Precisado lo anterior, no es acertada la afirmación de la parte accionante al considerar que el proceso ordinario laboral promovido en su contra por la Universidad de Antioquia culminó aplicando una normatividad que no regula el caso, pues lo cierto es que en sede extraordinaria de casación se concluyó que el quejoso no había cumplido con los requisitos previstos en la Convención Colectiva de Trabajo para acceder a la pensión de jubilación. Específicamente, la Corporación accionada en sede de casación indicó lo siguiente: (…) En síntesis, la Resolución Administrativa 11.566 de 22 de noviembre de 1995, mediante la cual la demandante reconoció la pensión de jubilación convencional al hoy recurrente resulta ilegal, tal y como lo asentara el Tribunal, pues en modo alguno había cumplido su beneficiario con los requisitos previstos por el Artículo Décimo Cuarto de la convención colectiva de trabajo suscrita por la demandante y el Sindicato de Trabajadores Oficiales de la misma, vigente para el bienio 1976-1977 y aplicable para cuando mutó su calidad de trabajador oficial a empleado público --27 de agosto de 1980--, pues para ese momento no había completado los 20 años de servicios allí exigidos ni había arribado a la edad de 45 años de edad, dado que apenas empezó a laborar para aquélla el 4 de julio de 1975 y nació el 18 de julio de 1945.

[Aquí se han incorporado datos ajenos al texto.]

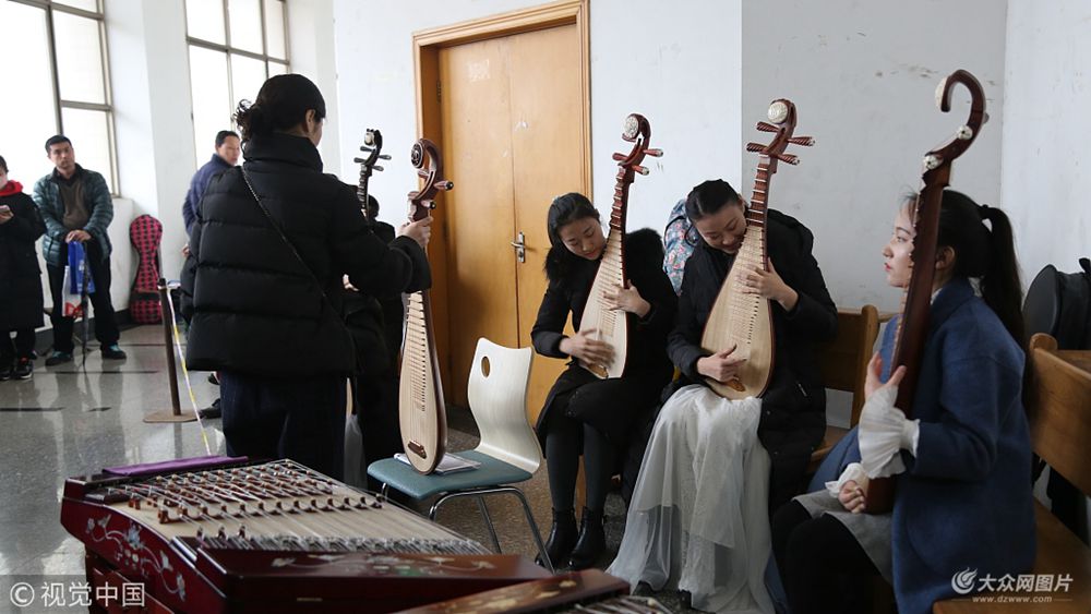 2018年3月4日,濟南,在山東藝術學院音樂學院藝考現(xiàn)場,眾多藝考生在考場外樓道里苦練大提琴、琵琶、古箏、二胡等樂器備戰(zhàn)考試,悠揚的旋律,樓道里秒變“演唱會”。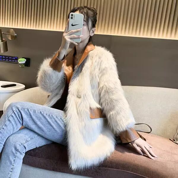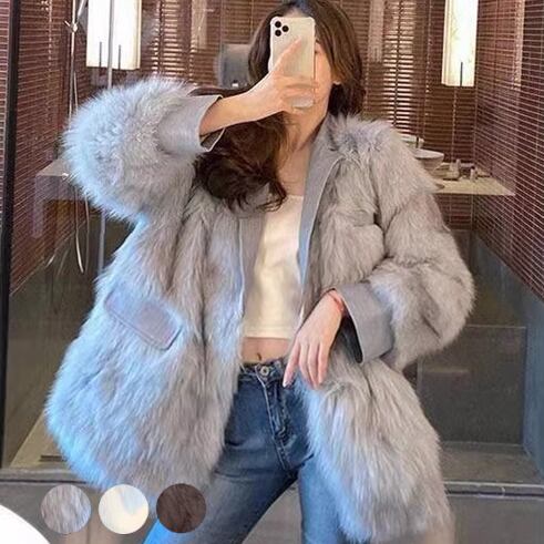 3色展開 ミッドレングスのフェイクファーコート レディース コート スーツジャケット アウター ファー ミディアム ショート レザーステッチ 長袖 ワイド ふわふわ ふっくら フェイクファー かっこいい エレガント 無地 冬 OL 学生 お出かけ ショッピング 韓国 暖かい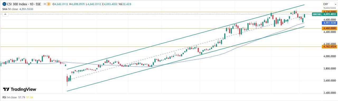 CSI 300 Индекс CSI 300 на дневном графике завершил торги у отметки 4693 пункта. Ключевым драйвером дальнейшей динамики выступает уровень сопротивления 4730: в случае уверенного пробития и закрепления выше этого рубежа откроется потенциал для дальнейшего роста. Если попытка ретеста окажется неудачной, вероятно формирование бокового диапазона с границами 4730–4460 пунктов, где индекс может провести ближайшие сессии в режиме консолидации.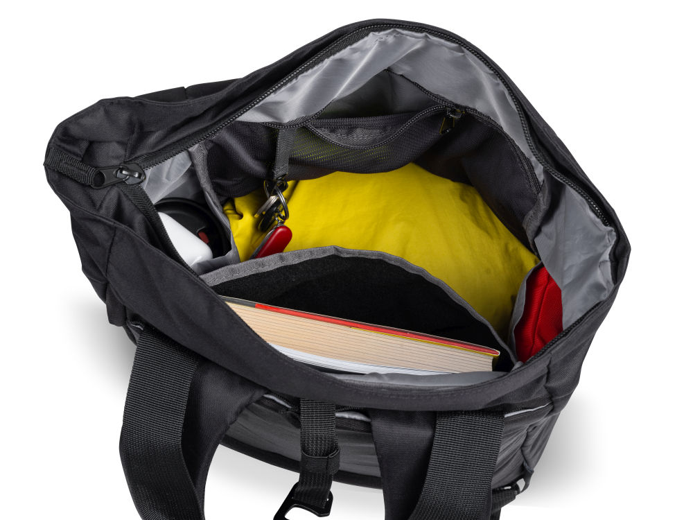 Všestranný batoh s polstrovanou kapsou na notebookoceníte pro každodenní použití i cestování. Pohodlí a praktičnost jednokomorového batohu kombinuje moderní design a funkčnost. Díky sbalitelným polstrovaným ramenním popruhům a dvěma uchům lze batoh pohodlně nosit jako tašku i klasicky na zádech. Batoh nabízí prostornou hlavní komoru s přístupem přes vrchní zip a praktické boční kapsy pro rychlý přístup k lahvi nebo drobnostem. Nechybí ani polstrovaná kapsa na notebook až do velikosti 16", která je snadno přístupná díky bočnímu vstupu. Batoh má dále přední kapsu na zip pro uložení drobností, vnitřní kapsu s organizérem pro lepší přehlednost, dvě vnitřní boční kapsy a speciální popruh na zadní straně, který umožňuje upevnění batohu na držadlo kufru. Vhodný pro každodenní použití, práci, školu i cestování.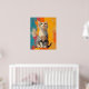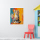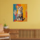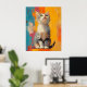 A vibrant digital portrait of an American Shorthair cat, captured in a moment of quiet curiosity. With its bright green eyes and distinctive striped fur, this feline sits upright against a dynamic background of orange, teal, magenta, and yellow brushstrokes. The expressive texture and bold colors bring life and personality to the piece, making it perfect for cat lovers, art collectors, or anyone looking to add a splash of charm to their space.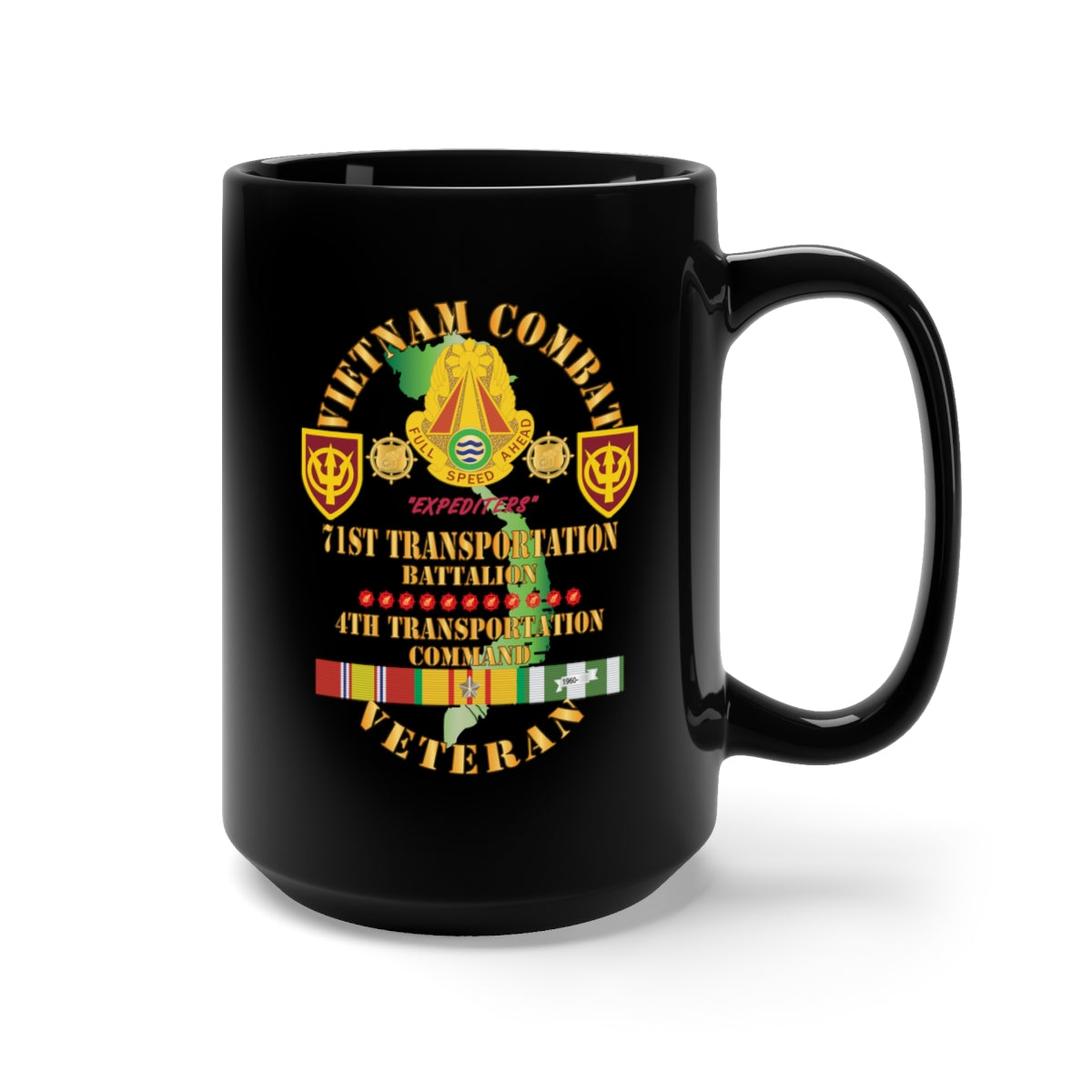 Black Mug 15oz - Army - Vietnam Combat Veteran w 71st Transportation Bn, 4th Trans Command w VN SVC X 300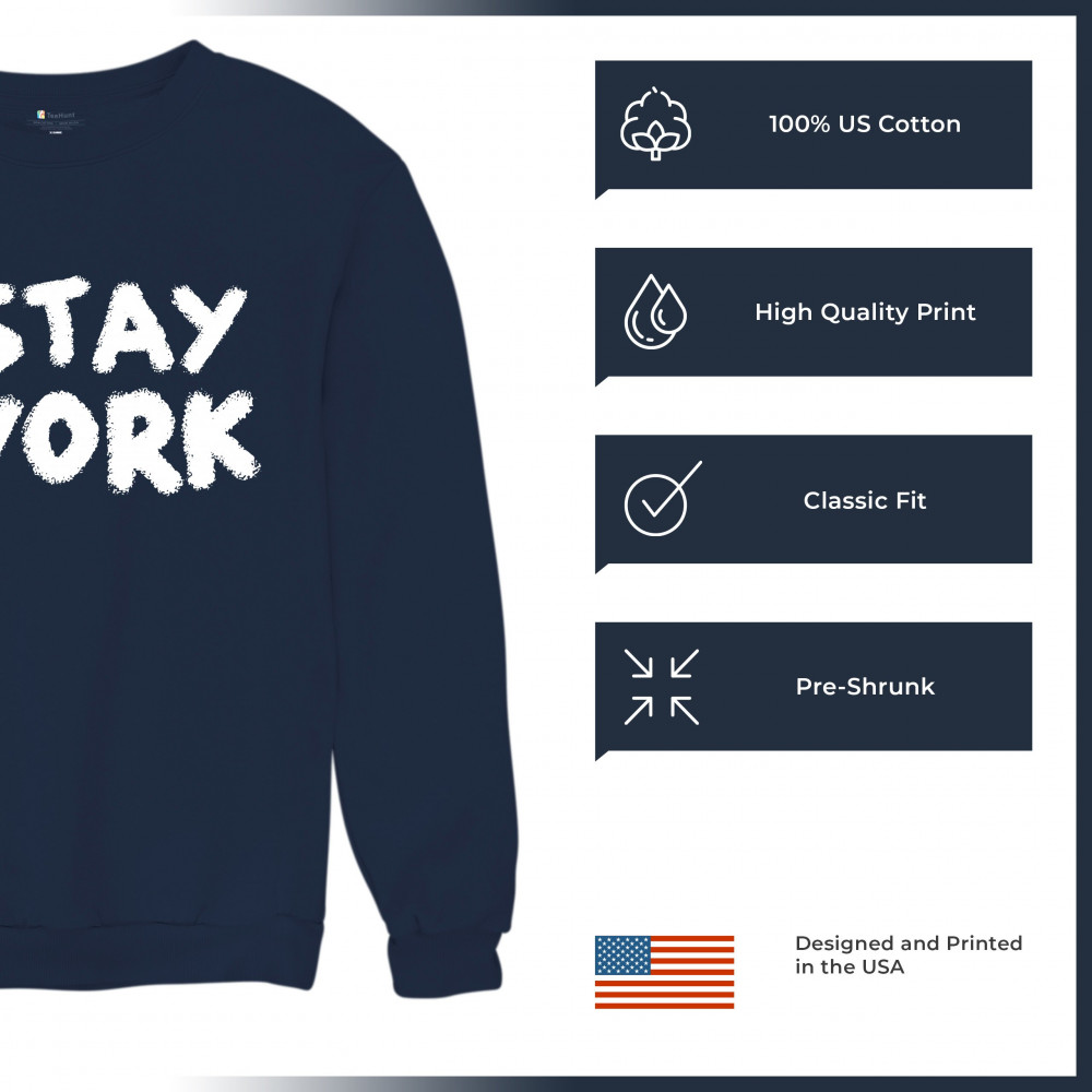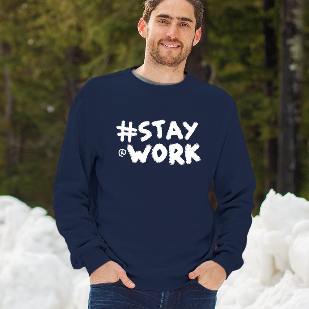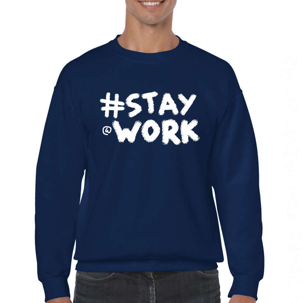 STAY AT WORK FUNNY ELON MUSK TWEET PARODY sweatshirt liberal sarcasm crewneck navy blue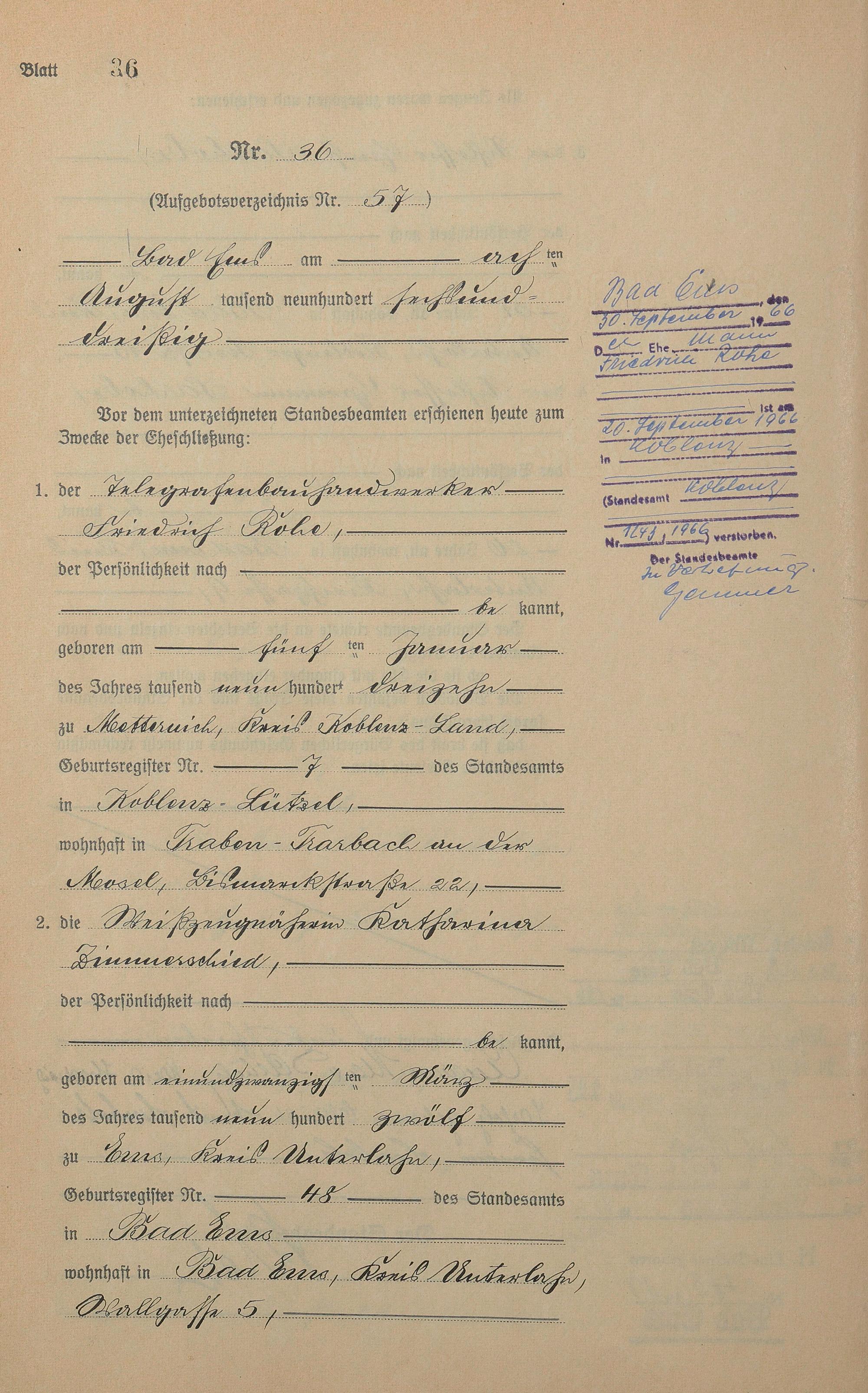 Heiratsregister 1936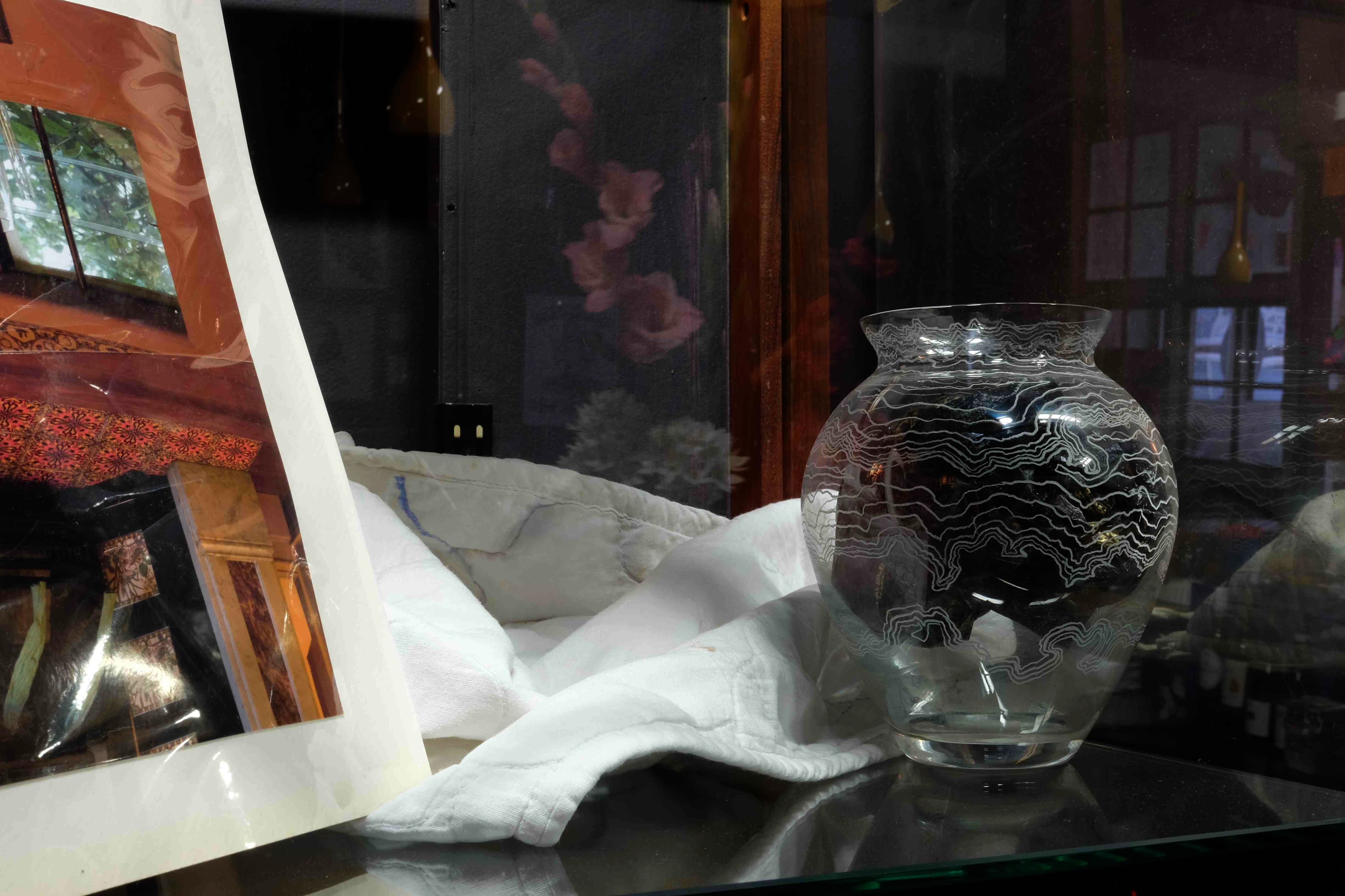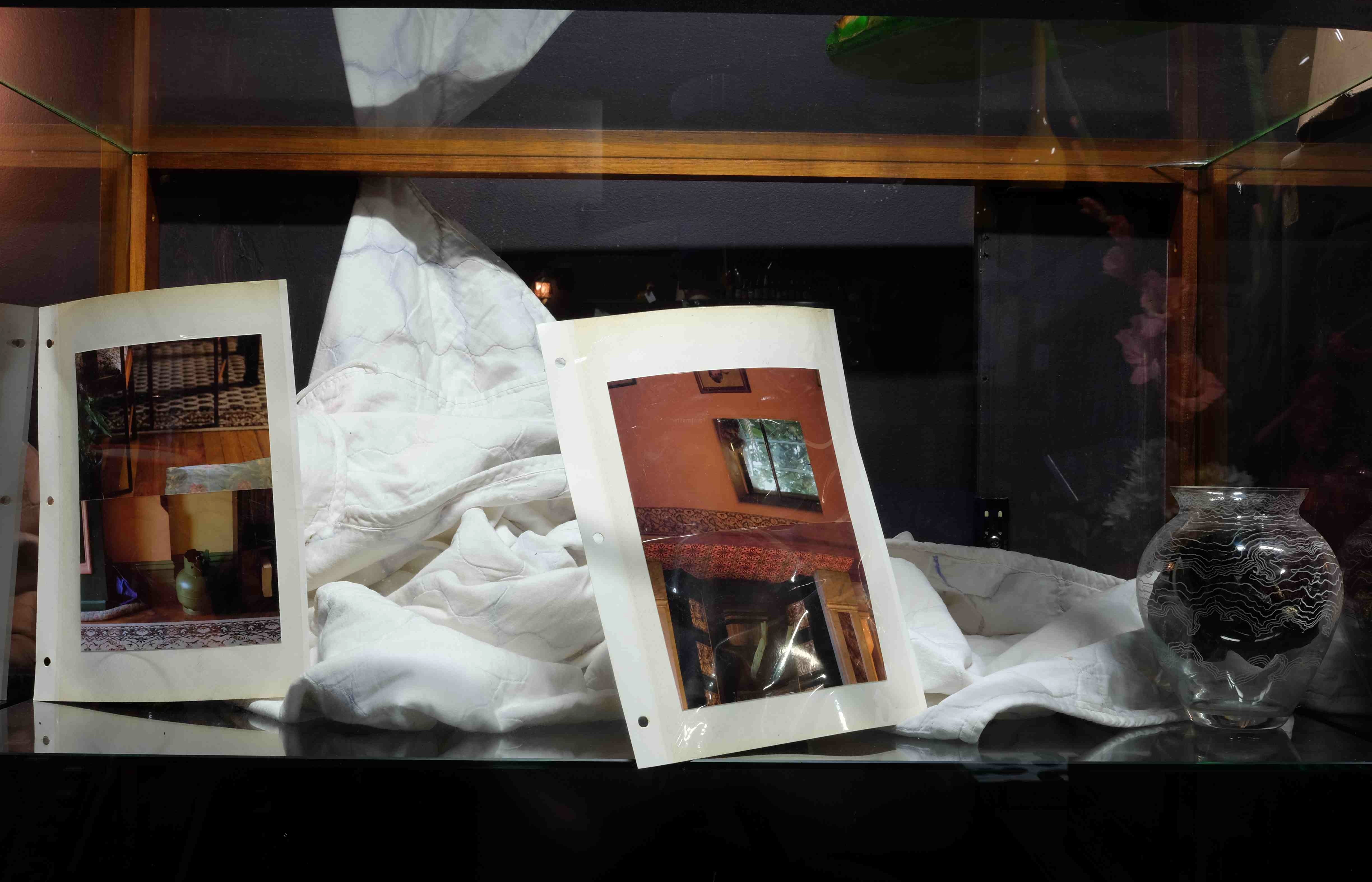 Travel Pillow (pillow case, pillow, acrylic, raffia, head-sized), Remains (bristled clay object), Still Good (screwdriver), Visitor Entertainers (unique photo album pages)

En consecuencia, no incurrió el juez de la alzada en los yerros que le endilga la censura. Sustentada la determinación en los anteriores términos, es claro que no se está en presencia de una decisión arbitraria o caprichosa susceptibles de ser catalogada como vías de hecho vulneradora de garantías fundamentales, sin que el normal desacuerdo respecto de lo allí decidido deba estimarse como actuación irregular.

Además, el principio de autonomía de la función jurisdiccional (artículo 228 de la Carta Política) impide al juez de tutela inmiscuirse en providencias como la cuestionada que hizo tránsito a cosa juzgada, sólo porque el demandante no la comparte o tiene una comprensión diversa a la concretada en dicho pronunciamiento, sustentado en la normatividad aplicable y en la valoración efectuada conforme a las reglas de la sana crítica.

De ahí que la interpretación ponderada de los jueces al resolver un asunto dentro del ámbito de su competencia pertenece a su autonomía como administradores de justicia y no puede controvertirse su criterio a través de una acción de tutela, aduciendo el supuesto desconocimiento de garantías fundamentales. Lo dicho en precedencia constituye razón suficiente para que la Sala niegue por improcedente la acción de tutela interpuesta por el accionante.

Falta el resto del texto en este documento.